By Dr. Ronald S. Dubin
Guest Columnist

 

For many decades the knowledge base of healthcare and how it has been delivered has not vastly changed. We still have our doctors appointments, get our prescriptions from the local pharmacist and take our medicine to make us healthier.

Cancers, when they develop, are staged according to which organ it is found in and classified as stage 1, 2, 3, or 4. We now put this information into our limited knowledge base and then start the chemotherapy, radiation therapy, and perhaps surgery and then we start killing the good cells as well as the bad cancer cells. And in many instances, these treatments are ineffectual. Why? Because our current knowledge base in medicine is reactionary, we respond only after the diagnosis is made, but not before. And in many cases, this is not good enough and patients will not be “cured.”

Even with chronic disease — diabetes, hypertension, and many heart and lung diseases, we only treat the symptoms but not the cause. We manage it, that’s all we can do. Sure, some diseases have been cured along with some cancers but too many problems are not being solved. Enter 2024, align our science with Artificial Intelligence, genomics, and significantly improved data gathering, and maybe we might finally get better “cures.” Medical advancements might just allow us to better understand more about cancers and how they form, and to who? and when? and why?
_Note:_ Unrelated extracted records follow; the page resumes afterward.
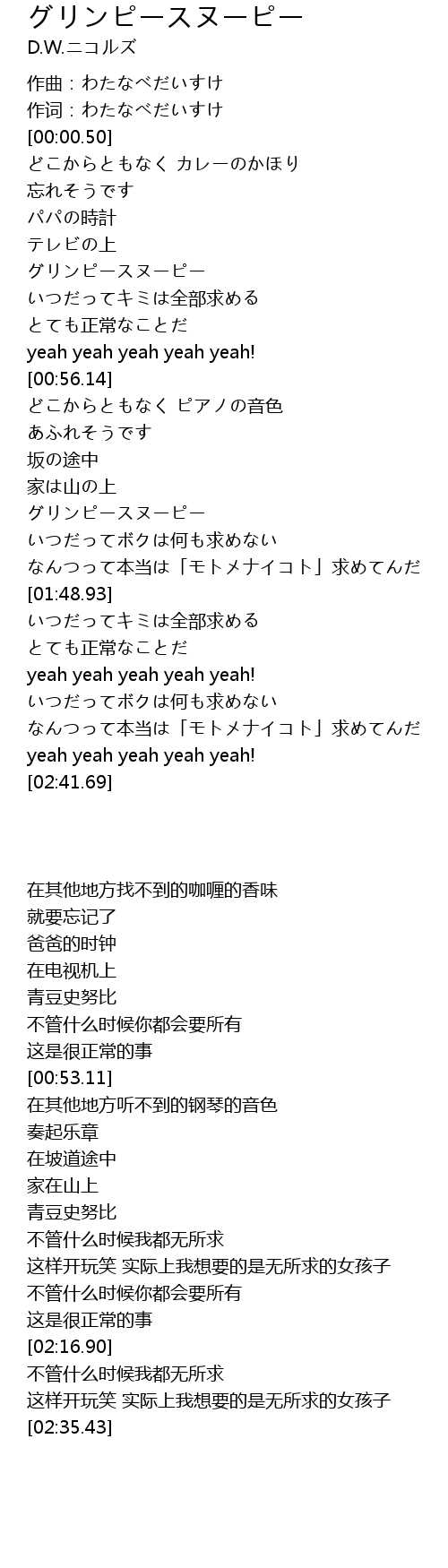 | [00:42.13] | グリンピースヌーピー |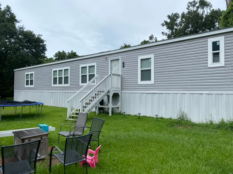 mobile home with 3 bedrooms 2 baths large living area, barn doors leading to kitchen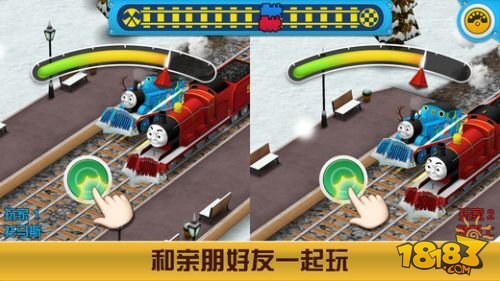 2、在铁道上与愉快的小火车们互动竞赛。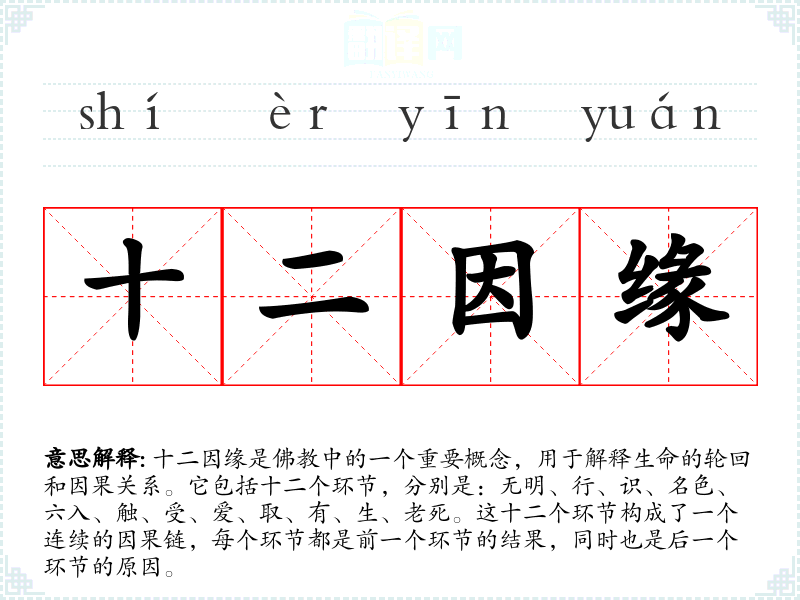 十二因缘是**中的一个重要概念,用于解释生命的轮回和因果关系。它包括十二个环节,分别是:无明、行、识、名色、六入、触、受、爱、取、有、生、老死。这十二个环节构成了一个连续的因果链,每个环节都是前一个环节的结果,同时也是后一个环节的原因。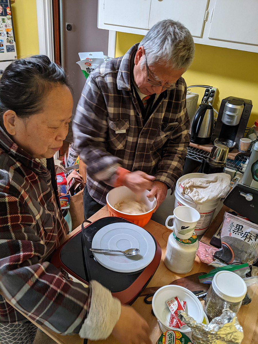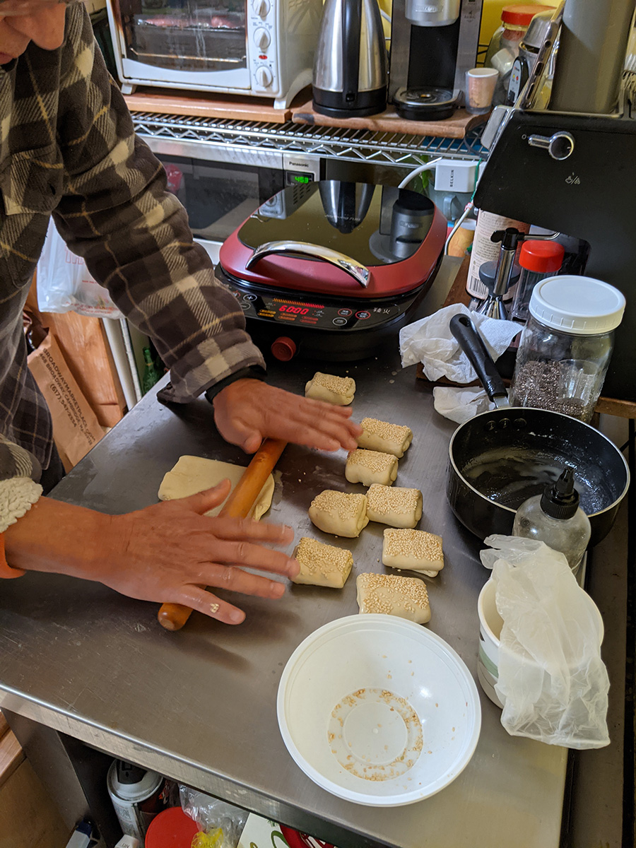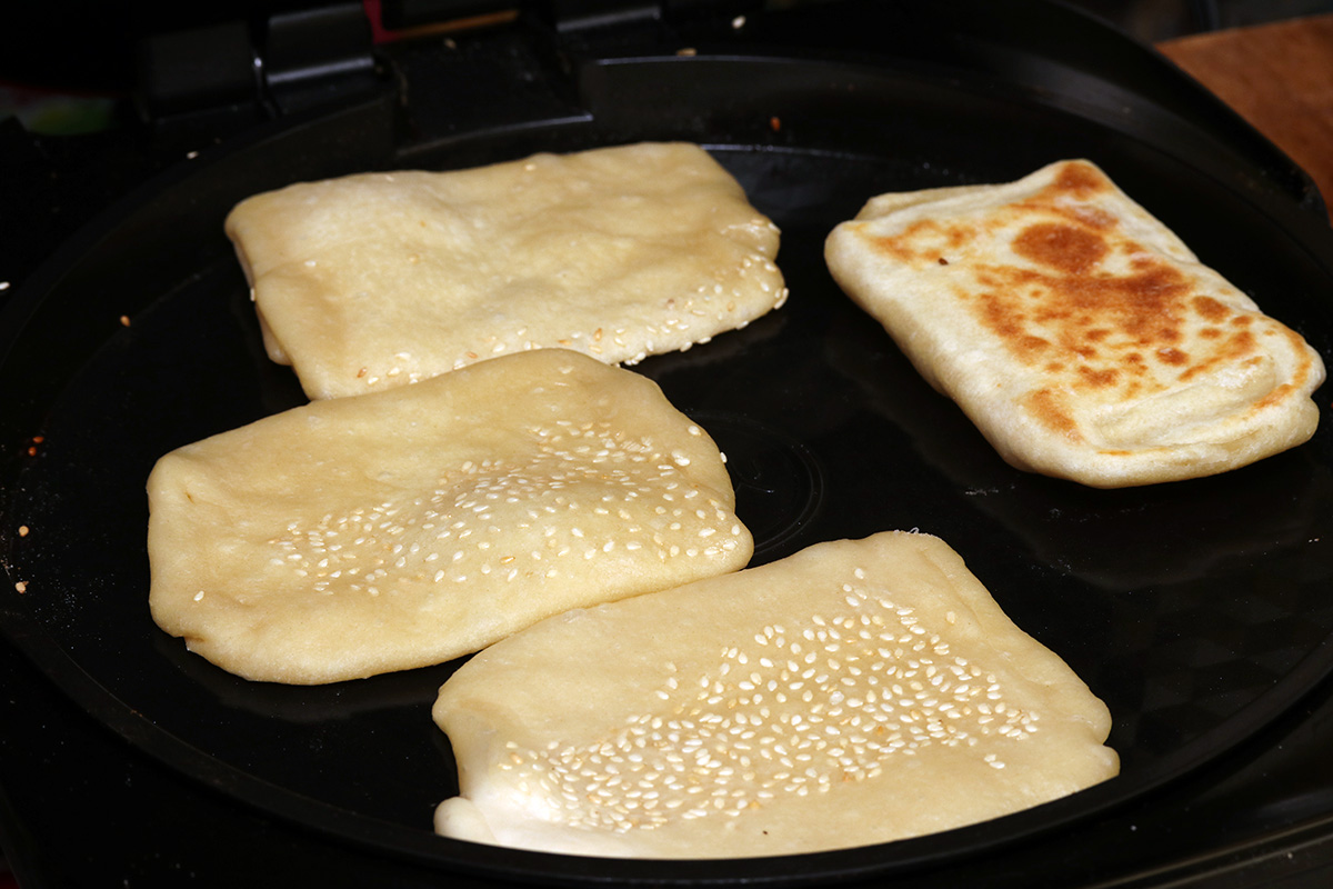 for dinner my parents made shaobing (燒餅) with their electric frying pan. my father said they came out successfully, with extra crispy skin, but i prefer the shaobing they used to make, that was more bready.

Through the now primitive science of gene sequencing, we might better understand more than just the staging and tissue types of cancers — but to get a jump on which patients might be more at risk of developing these cancers, making improved diagnostics which otherwise not be available as a screening tool to the majority of patients. Take for example Pancreatic cancer. Why is this cancer so aggressive and difficult to treat? Why is there very little hope for this diagnosis that is 99% fatal? Why is the cancer caught so late that surgery and chemotherapy is usually ineffective?

With genetic testing, which the price of this has come way down, people can learn that they might be at risk, but not necessarily diagnosing a cancer or disease. If a person tests positive, for the BRCA gene, for example, they are at more risk of developing certain types of cancers — including pancreatic cancer. Currently there is no screening available for pancreatic cancer except certain very detailed and expensive MRI scans only available in a limited number of hospitals. A patient with this gene — well that’s different. With this positive test, they can “skip the line” and be tested with more expensive diagnostics as well as being covered by their insurance.

The power of genetic testing today is good enough to sort these patients and get an earlier start on treatments. And there will be better tests in the future to connect a gene to a diagnosis. Genetics is the future. Period. Yes, some people might not want to know what their future might be, and I get that. It is scary and worrisome, but knowledge is critical especially if there are any risk factors in your family.

Unfortunately, my oldest brother was diagnosed with Pancreatic Cancer a year ago — and did test positive for the gene. I made the personal decision to get myself tested and fortunately I was negative for that gene. But my family does have risk factors for pancreatic cancer — all my grandparents came from Russia and Poland and are Ashkenazi Jews which is a known risk factor for pancreatic cancer. My first cousin died of this cancer and now my brother has it. So risk factors are important.

A budding and upcoming medical specialty is a Geneticist,  who specializes in this field and can best guide you on your risk factors and choices you might have. Some insurances might even pay for this even without known risk factors. If I were to do my career over again, I might choose this field although being in practice for 37 years as an Orthopedic Surgeon in Kentucky has been a wonderful experience and very enriching.